McKinnon Rebecca L, Bolon Michael L, Wang Hong-Xing, Swarbreck Scott, Kidder Gerald M, Simon Alexander M, Tyml Karel
Critical Illness Research, Lawson Health Research Institute, London, Ontario, Canada.
Am J Physiol Heart Circ Physiol. 2009 Jul;297(1):H93-H101. doi: 10.1152/ajpheart.01148.2008. Epub 2009 May 8.

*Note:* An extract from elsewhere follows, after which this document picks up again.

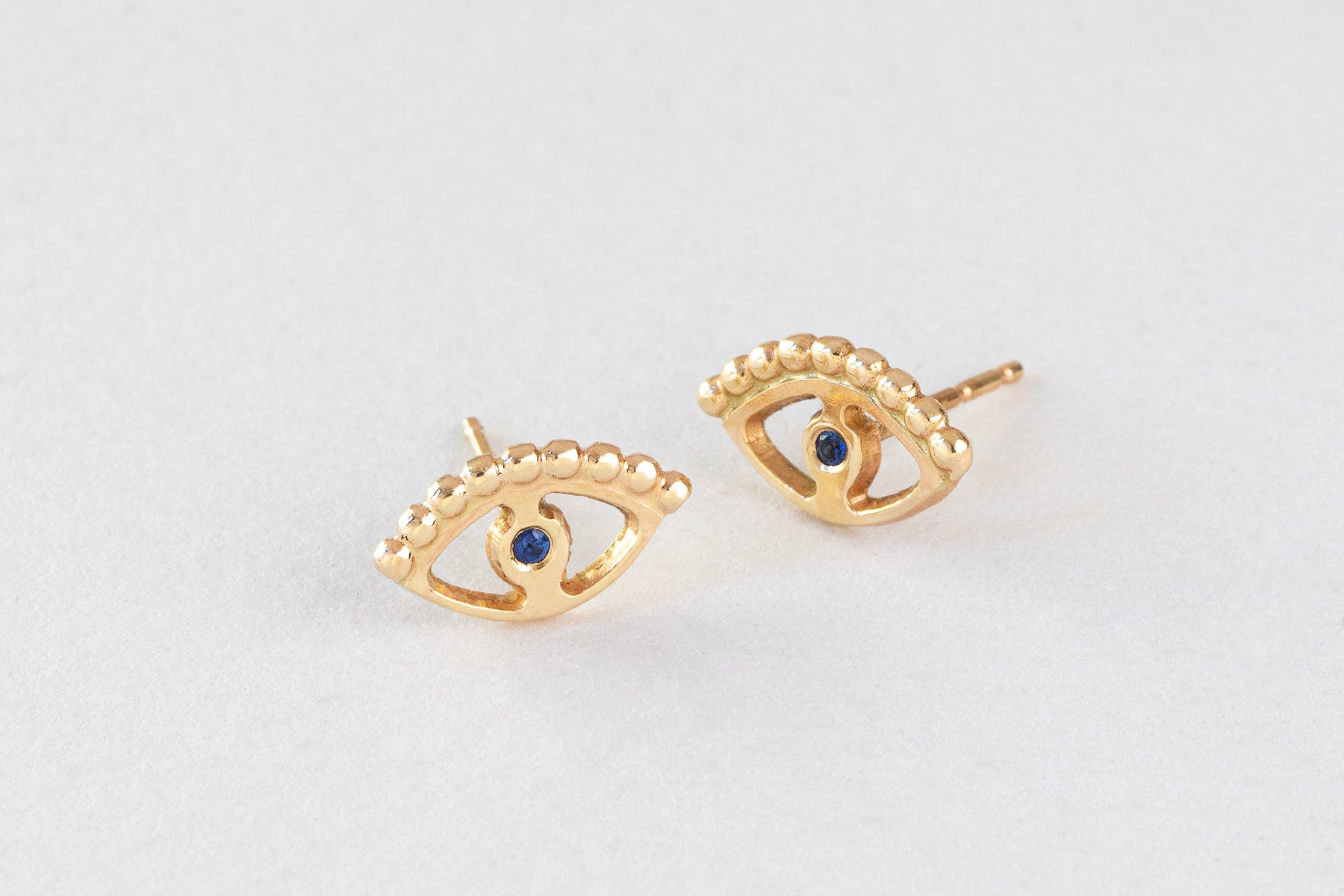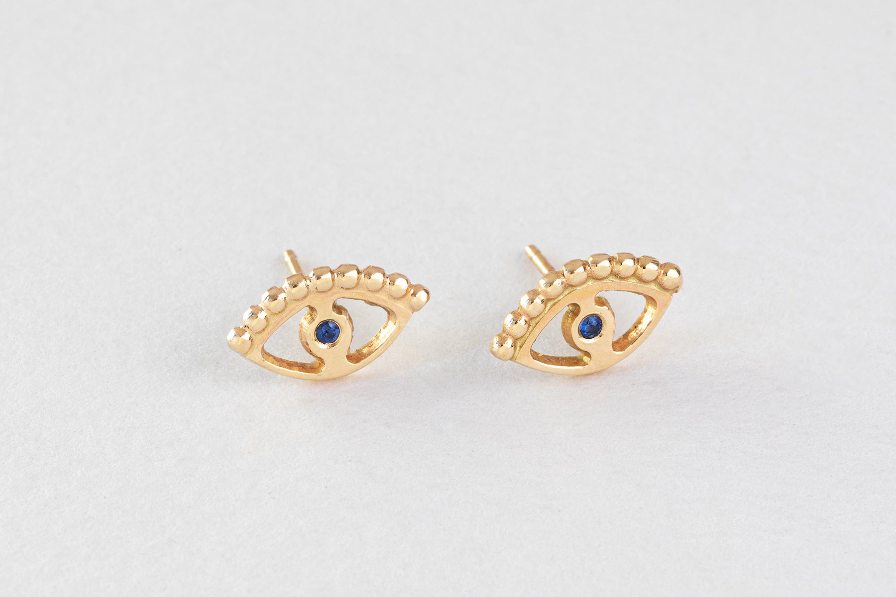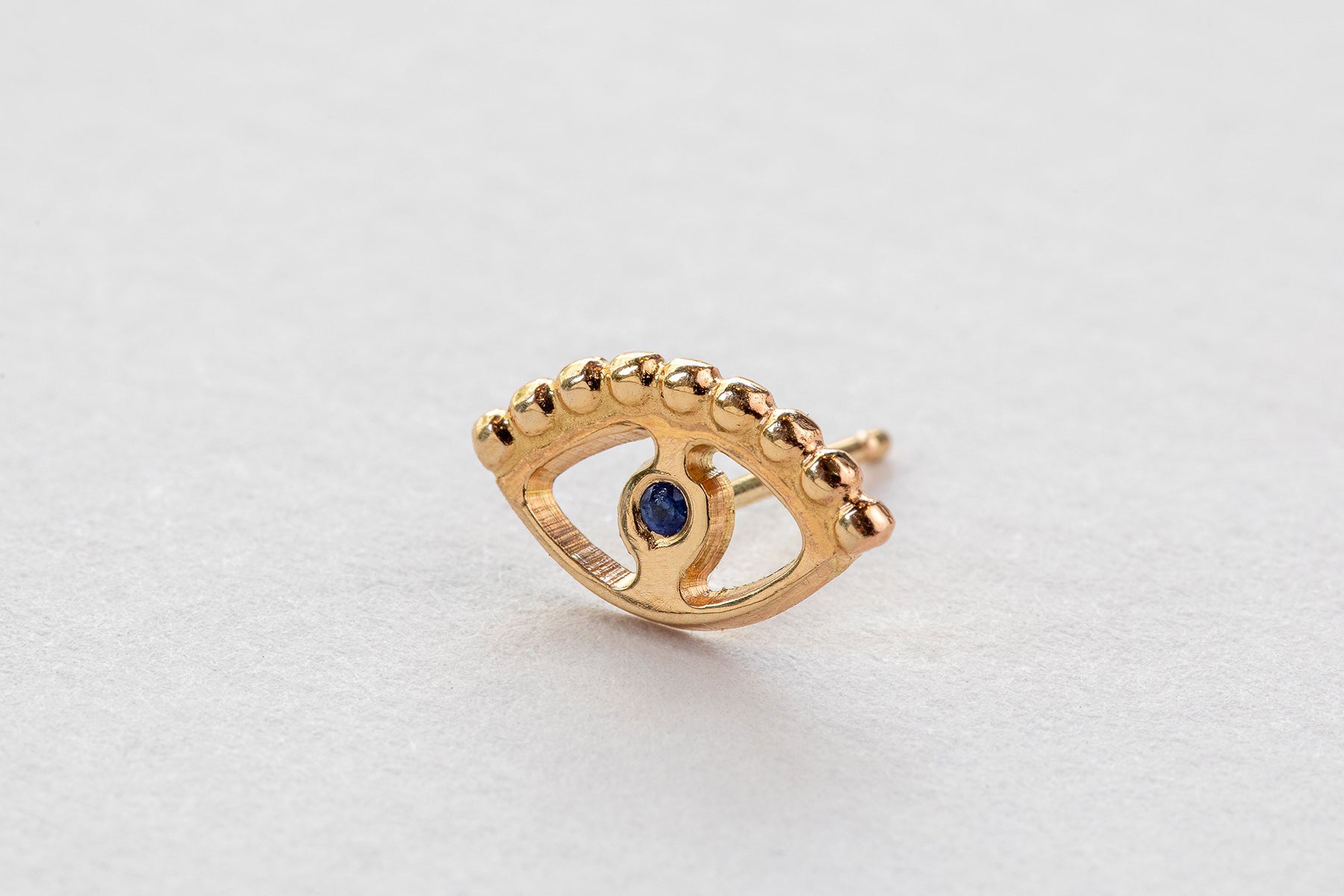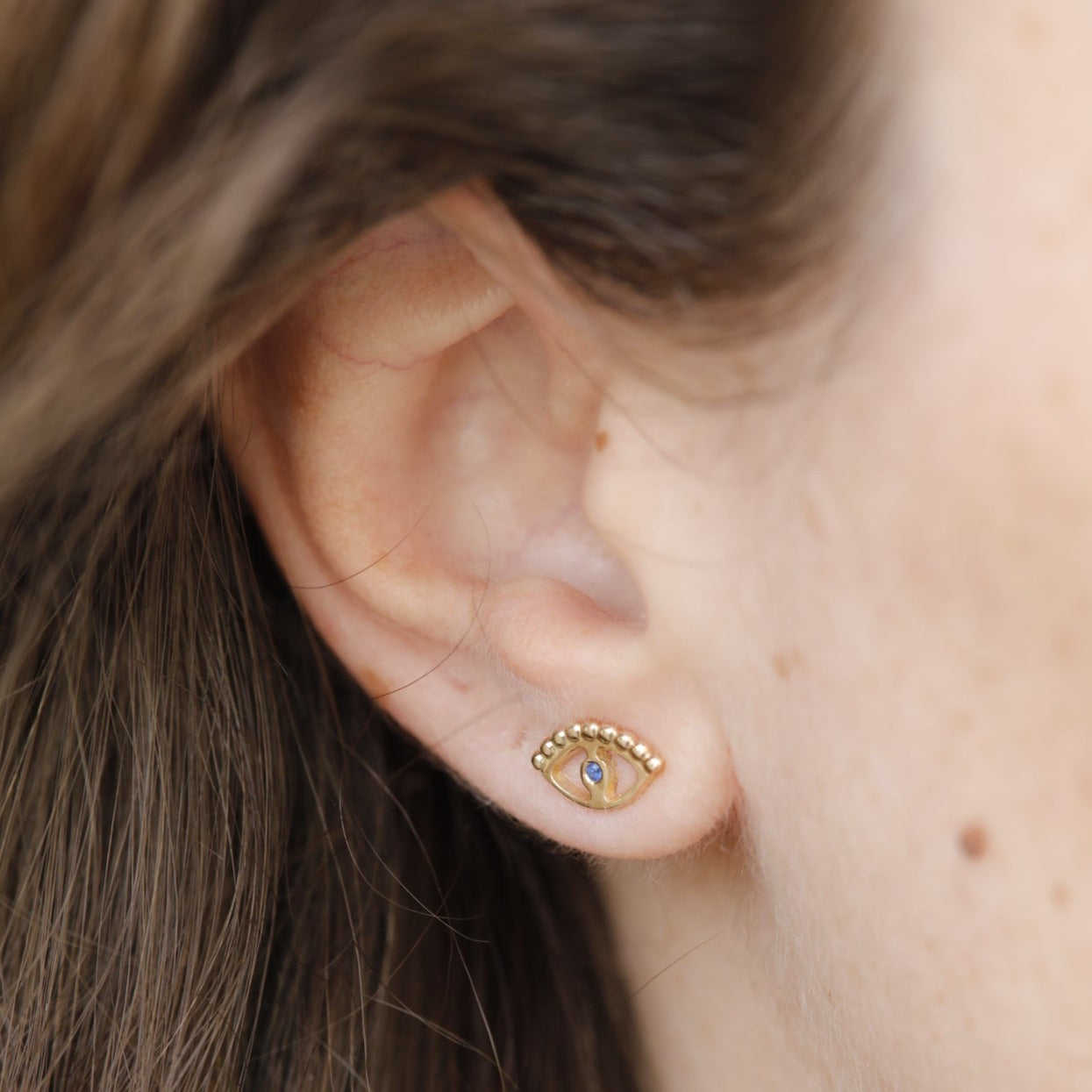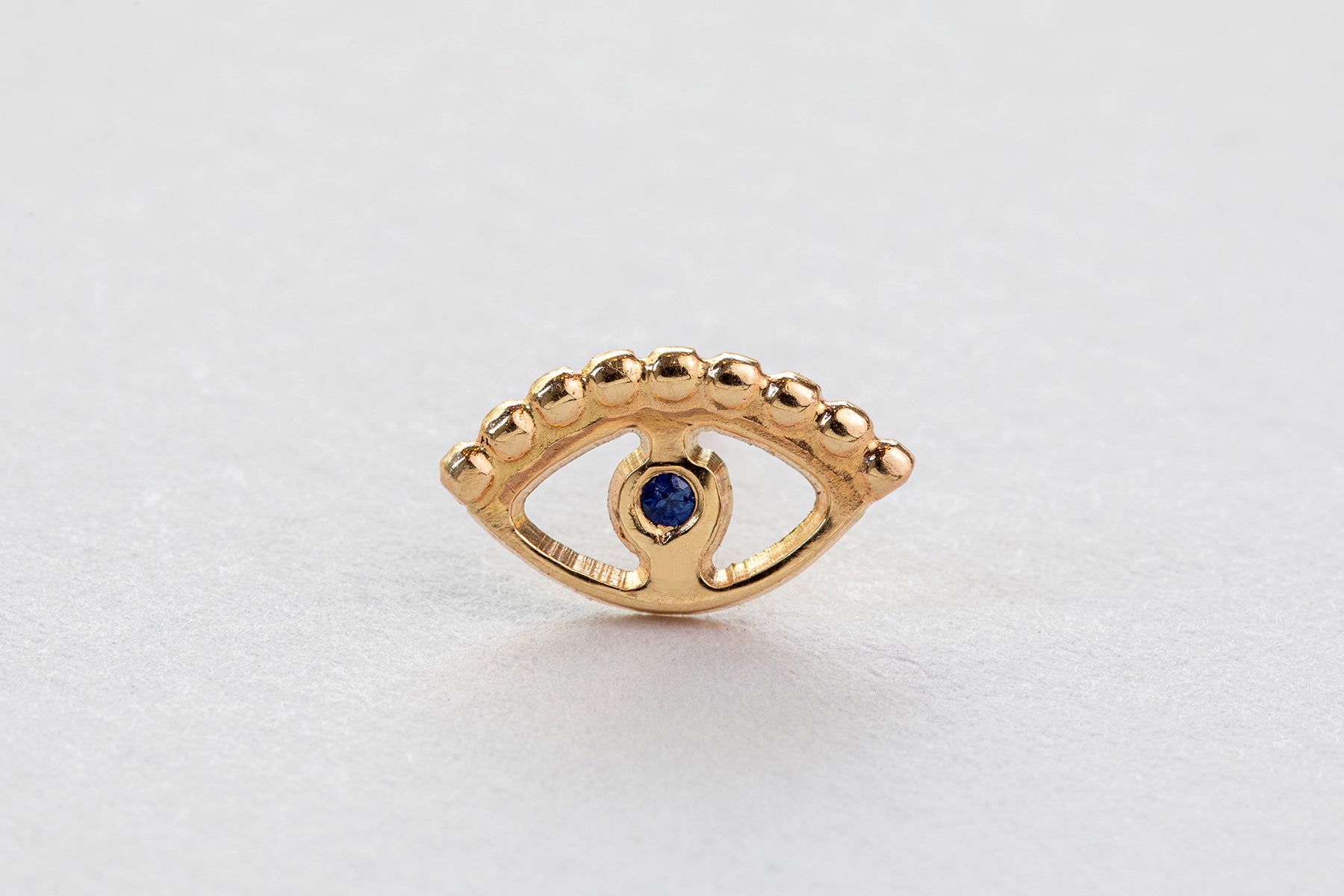 עגיל זהב עדין ומקסים בצורת עין פתוחה ומאווררת שבמרכזה משובצת אבן ספיר כחולה. ניתן לרכוש כזוג או כיחיד. אם את מעוניינת בשיבוץ אבן בצבע אחר או בשינוי כלשהו נשמח לעזור, צרי קשר בפרטי.

We have previously shown that increased nitric oxide (NO) production in sepsis impairs arteriolar-conducted vasoconstriction cGMP independently and that the gap junction protein connexin (Cx) 37 is required for this conducted response. In the present study, we hypothesized that NO impairs interendothelial electrical coupling in sepsis by targeting Cx37. We examined the effect of exogenous NO on coupling in monolayers of cultured microvascular endothelial cells derived from the hindlimb skeletal muscle of wild-type (WT), Cx37 null, Cx40 null, and Cx43(G60S) (nonfunctional mutant) mice. To assess coupling, we measured the spread of electrical current injected in the monolayer and calculated the monolayer intercellular resistance (inverse measure of coupling). The NO donor 2,2'-(hydroxynitrosohydrazino)bis-ethanamine (DETA) rapidly and reversibly reduced coupling in cells from WT mice, cGMP independently. NO scavenger HbO(2) did not affect baseline coupling, but it eliminated DETA-induced reduction in coupling. Reduced coupling in response to DETA was also seen in cells from Cx40 null and Cx43(G60S) mice, but not in cells from Cx37 null mice. DETA did not alter the expression of Cx37, Cx40, and Cx43 in WT cells analyzed by immunoblotting and immunofluorescence. Furthermore, neither the peroxynitrite scavenger 5,10,15,20-tetrakis(4-sulfonatophenyl)porphyrinato iron (III), superoxide scavenger Mn(III)tetrakis(4-benzoic acid)porphyrin chloride, nor preloading of WT cells with the antioxidant ascorbate affected this reduction. We conclude that NO-induced reduction of electrical coupling between microvascular endothelial cells depends on Cx37 and propose that NO in sepsis impairs arteriolar-conducted vasoconstriction by targeting Cx37 within the arteriolar wall.
我们之前已经表明,脓毒症中一氧化氮(NO)生成增加会独立于环磷酸鸟苷(cGMP)损害小动脉传导的血管收缩,并且缝隙连接蛋白连接蛋白(Cx)37是这种传导反应所必需的。在本研究中,我们假设NO通过靶向Cx37损害脓毒症中的内皮间电偶联。我们研究了外源性NO对源自野生型(WT)、Cx37基因敲除、Cx40基因敲除和Cx43(G60S)(无功能突变体)小鼠后肢骨骼肌的培养微血管内皮细胞单层中偶联的影响。为了评估偶联,我们测量了注入单层中的电流传播,并计算了单层细胞间电阻(偶联的反向测量)。NO供体2,2'-(羟基亚硝基肼基)双乙胺(DETA)迅速且可逆地降低了WT小鼠细胞中的偶联,且独立于cGMP。NO清除剂血红蛋白氧(HbO₂)不影响基线偶联,但消除了DETA诱导的偶联降低。在Cx40基因敲除和Cx43(G60S)小鼠的细胞中也观察到对DETA的偶联降低,但在Cx37基因敲除小鼠的细胞中未观察到。通过免疫印迹和免疫荧光分析,DETA未改变WT细胞中Cx37、Cx40和Cx43的表达。此外,过氧亚硝酸盐清除剂5,10,15,20-四(4-磺基苯基)卟啉铁(III)、超氧化物清除剂氯化锰(III)四(4-苯甲酸)卟啉,以及用抗氧化剂抗坏血酸预加载WT细胞均未影响这种降低。我们得出结论,NO诱导的微血管内皮细胞间电偶联降低依赖于Cx37,并提出脓毒症中的NO通过靶向小动脉壁内的Cx37损害小动脉传导的血管收缩。